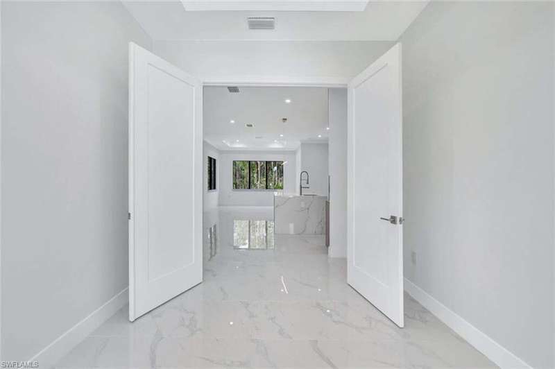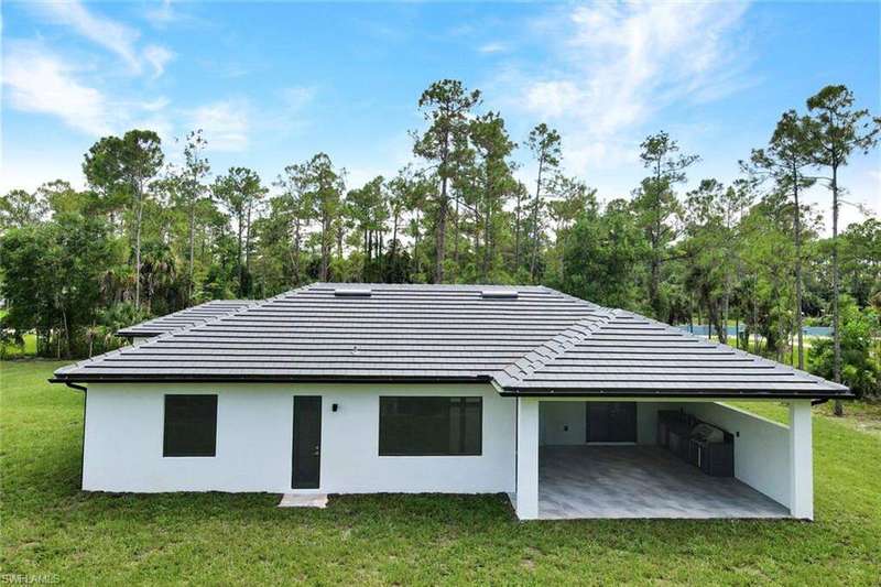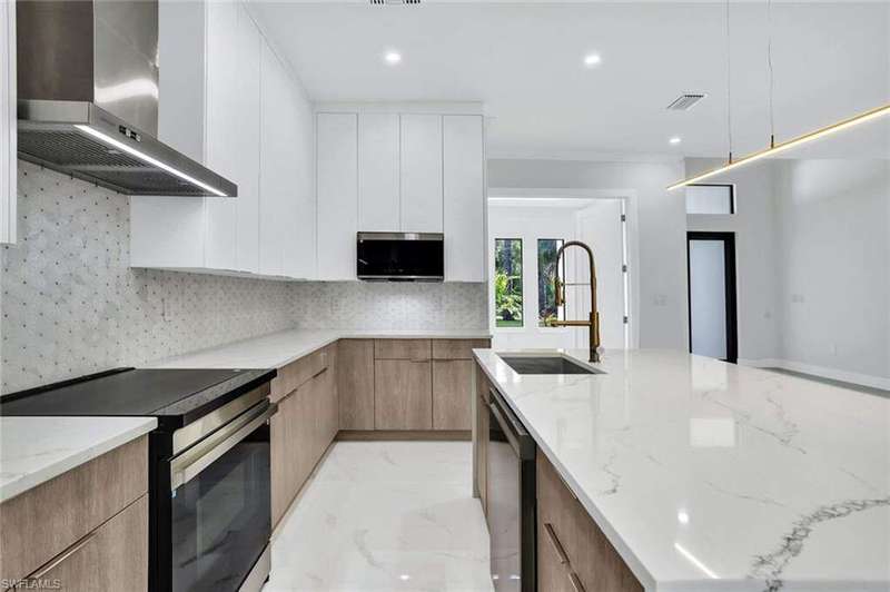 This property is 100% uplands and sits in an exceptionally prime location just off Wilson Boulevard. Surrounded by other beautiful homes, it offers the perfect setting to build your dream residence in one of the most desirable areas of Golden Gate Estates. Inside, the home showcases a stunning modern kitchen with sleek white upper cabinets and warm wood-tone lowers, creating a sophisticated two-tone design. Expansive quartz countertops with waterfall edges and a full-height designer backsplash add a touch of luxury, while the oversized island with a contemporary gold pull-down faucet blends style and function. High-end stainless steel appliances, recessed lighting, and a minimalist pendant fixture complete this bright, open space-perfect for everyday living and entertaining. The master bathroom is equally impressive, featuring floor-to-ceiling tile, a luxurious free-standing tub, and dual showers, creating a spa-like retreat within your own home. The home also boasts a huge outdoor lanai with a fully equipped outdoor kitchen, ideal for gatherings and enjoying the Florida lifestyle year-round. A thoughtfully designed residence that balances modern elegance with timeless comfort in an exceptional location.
==========
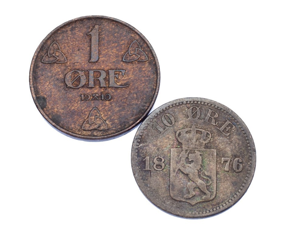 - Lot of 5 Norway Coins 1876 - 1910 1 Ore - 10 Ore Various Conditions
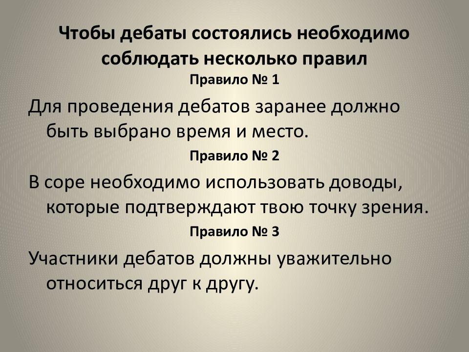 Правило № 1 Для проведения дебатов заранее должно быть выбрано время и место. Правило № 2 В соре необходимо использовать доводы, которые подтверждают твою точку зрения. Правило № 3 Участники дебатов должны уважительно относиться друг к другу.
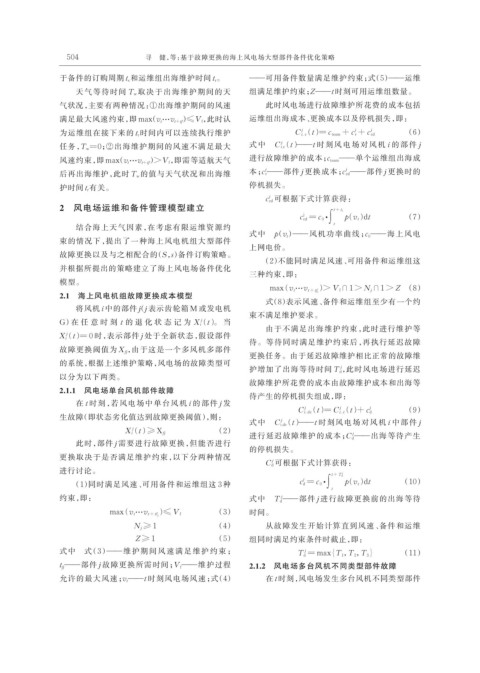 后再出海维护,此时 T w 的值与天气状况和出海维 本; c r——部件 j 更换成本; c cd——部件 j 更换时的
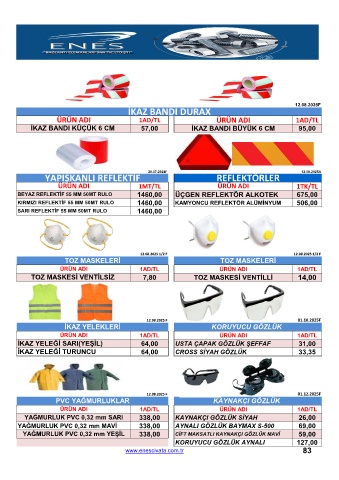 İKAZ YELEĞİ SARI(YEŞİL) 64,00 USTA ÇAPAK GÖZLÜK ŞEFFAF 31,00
==========
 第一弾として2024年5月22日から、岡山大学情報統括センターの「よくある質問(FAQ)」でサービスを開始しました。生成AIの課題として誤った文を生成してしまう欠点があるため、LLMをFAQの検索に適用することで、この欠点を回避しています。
==========
What you should do.
Reproduce exactly, with no pictures, the lines above from the one holding "Правило № 1" to the one holding "İKAZ YELEĞİ SARI(YEŞİL)", inclusive.

Solution for this problem.
 Правило № 1 Для проведения дебатов заранее должно быть выбрано время и место. Правило № 2 В соре необходимо использовать доводы, которые подтверждают твою точку зрения. Правило № 3 Участники дебатов должны уважительно относиться друг к другу.
 后再出海维护,此时 T w 的值与天气状况和出海维 本; c r——部件 j 更换成本; c cd——部件 j 更换时的
 İKAZ YELEĞİ SARI(YEŞİL) 64,00 USTA ÇAPAK GÖZLÜK ŞEFFAF 31,00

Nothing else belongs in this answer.